### Task statement
Unless it is a picture, every line from the start of the entries through the line with "參數(shù): ID(A): -3.3" must be retyped exactly.

### Task inputs
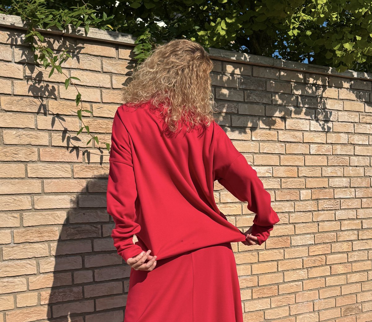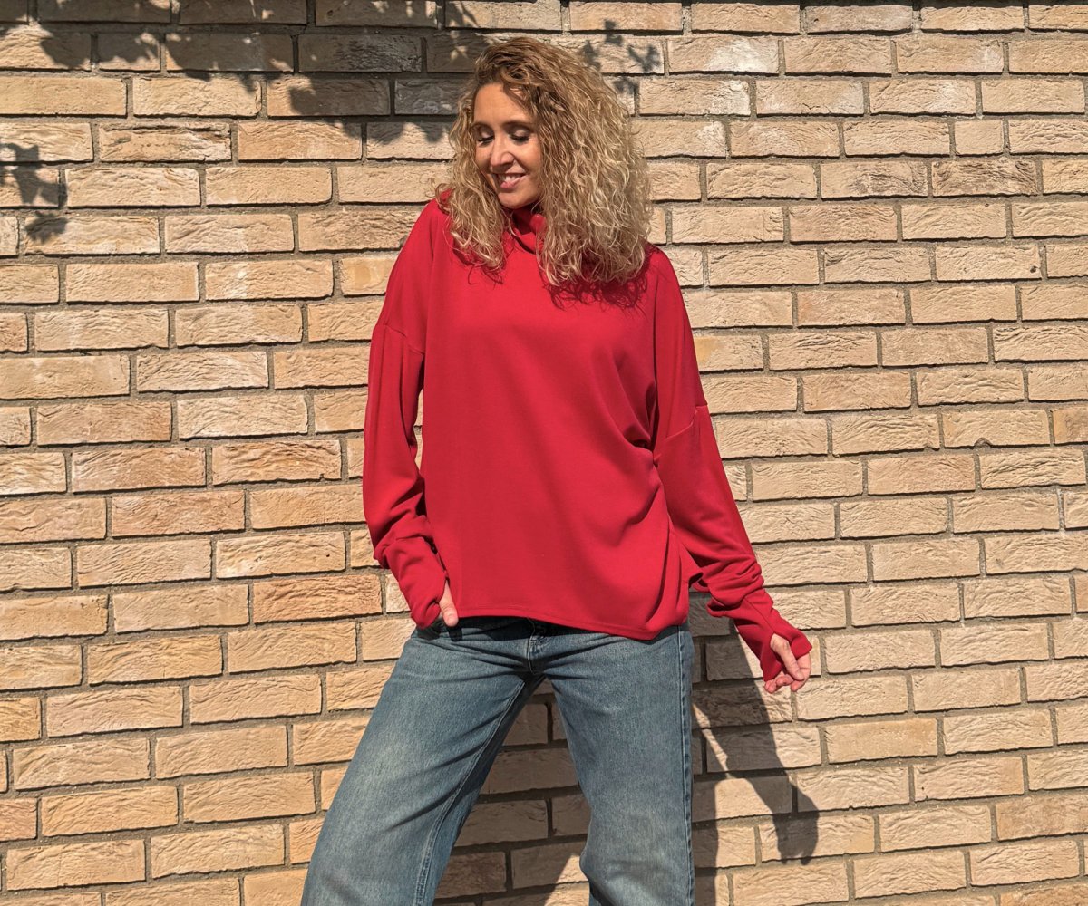 Volný rolák je ušitý ze směsového úpletu (68%vis/28%pes/4%ela).
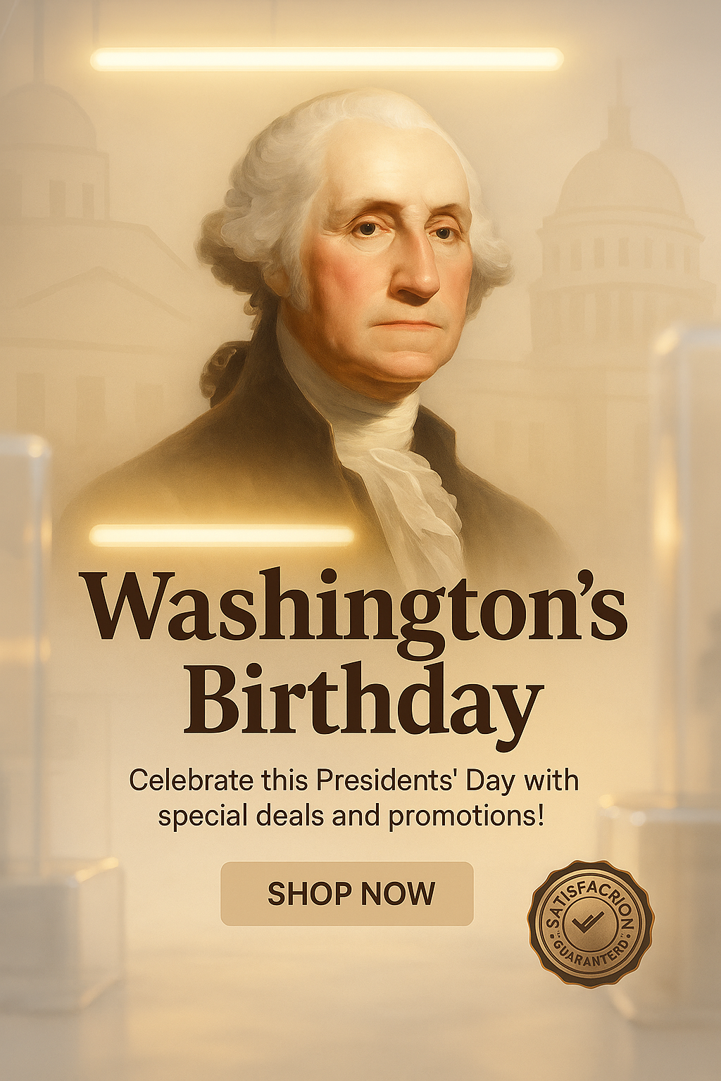 /Collection: /by davooda/Type: PNG/Promotional banner celebrating Presidents' Day with a portrait of George Washington. The design features soft lighting and a modern aesthetic, ideal for holiday marketing campaigns.
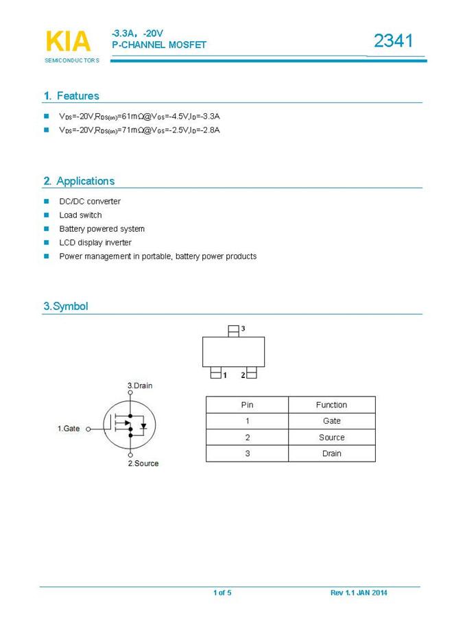 參數(shù): ID(A): -3.3 BVDSS(V): -20 RDS(ON): 0.061 Qg(nC): 13 Package: SOT-23
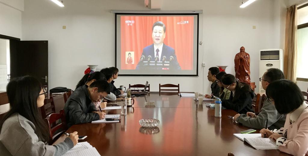中国共产党第十九次全国代表大会18日上午在北京人民大会堂开幕。习近平代表第十八届中央委员会向大会作了题为《决胜全面建成小康社会夺取新时代中国特色社会主义伟大胜利》的报告。76net必赢线路检测中心党委组织了党委理论学习中心组成员和部分学生党员集中收看了开幕会。
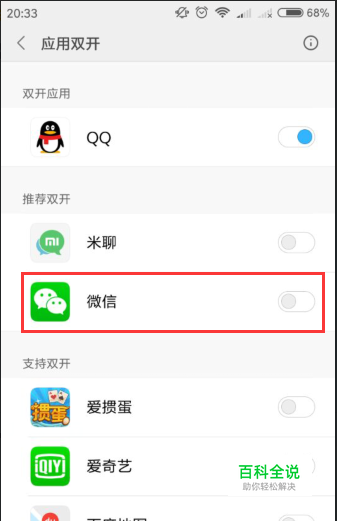 在双开列表页面,最上面是已经双开的应用,中间显示的是推荐双开,下面是支持双开的列表,这里为了演示效果,我们使用微信双开
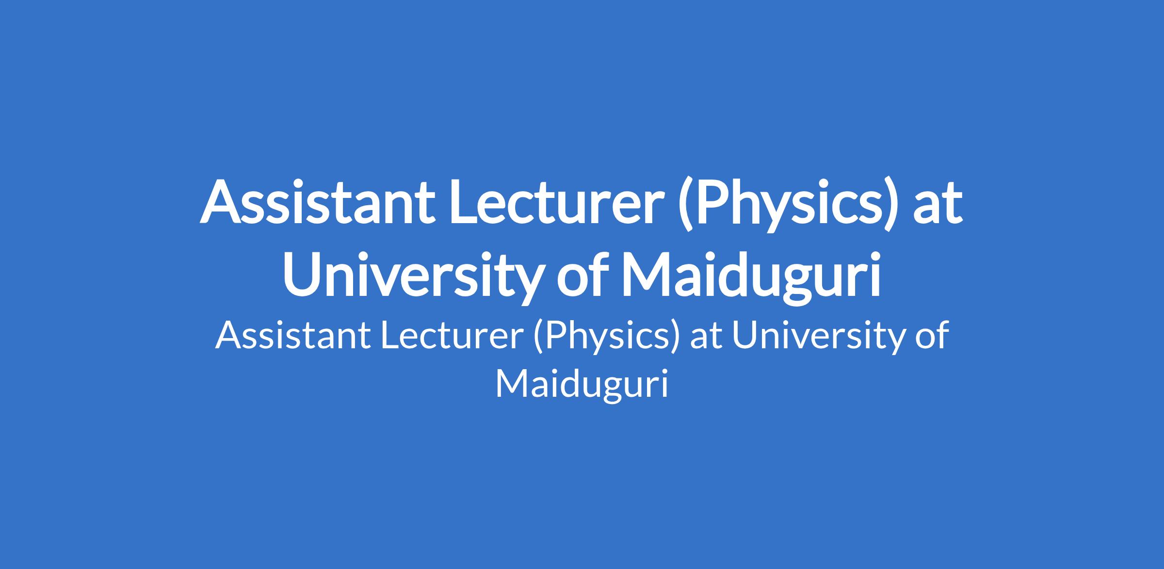 University of Maiduguri invites applications from suitable candidates to fill the position of: Assistant Lecturer (Physics). The position is located in Borno State. Interested candidates should possess a Master's Degree from University of Maiduguri or another recognised institution or a First Class / Second Class Upper Degree with relevant professional qualification where applicable.
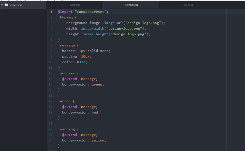 Now I am going to write some Sass code in screen.scss file.
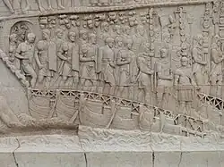 - ↑ Vgl. ausführlich dazu: Werner Eck: Kommunikation durch Herrschaftszeichen: Römisches Militär und römische Amtsträger in den Provinzen. In: Olivier Hekster u. a. (Hrsg.): Ritual Dynamics and Religious Change in the Roman Empire (= Impact of Empire, 9). Brill, Leiden 2009, S. 213–235 (Open Access).
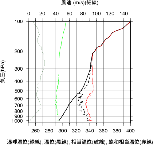 表中のMUCAPE850hPaは、最不安定CAPE(地上~850hPa高度間で)を示す。 気温、露点の鉛直分布(エマグラム)輪島 2008年07月12日09時(高層気象観測データを使用)![]() 赤線は、地表付近の空気塊を仮想的に上昇させたときの空気塊の温度の変化を示す。 湿球温位、温位、相当温位、飽和相当温位の鉛直分布輪島 2008年07月12日09時(高層気象観測データを使用)![]() 風のホドグラフ(広域)輪島 2008年07月12日09時(高層気象観測データを使用)![]() 風のホドグラフ(拡大)輪島 2008年07月12日09時(高層気象観測データを使用)![]() |
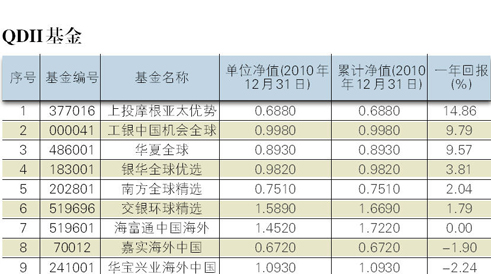 本月,国际大宗商品价格上扬,全球股市呈波动震荡走势。截至1231,香港恒生指数收盘报23035.45点,微涨0.12%;美国道琼斯工业指数微跌3.30%,报收于11577.51点,上涨5.19%。招商全球资源受本月国际大宗商品市场价格上涨的利好,月净值涨幅达7.99%;嘉实H股则受到港股表现疲软的拖累,本月净值下挫3.04%,排名垫底。上投摩根亚太优势则以14.86%的涨幅成为2010年度表现最佳的QDII;华宝兴业海外中国则出现了2.04%的跌幅,不幸垫底。(雷雨)

### Reply
 Volný rolák je ušitý ze směsového úpletu (68%vis/28%pes/4%ela).
 /Collection: /by davooda/Type: PNG/Promotional banner celebrating Presidents' Day with a portrait of George Washington. The design features soft lighting and a modern aesthetic, ideal for holiday marketing campaigns.
 參數(shù): ID(A): -3.3 BVDSS(V): -20 RDS(ON): 0.061 Qg(nC): 13 Package: SOT-23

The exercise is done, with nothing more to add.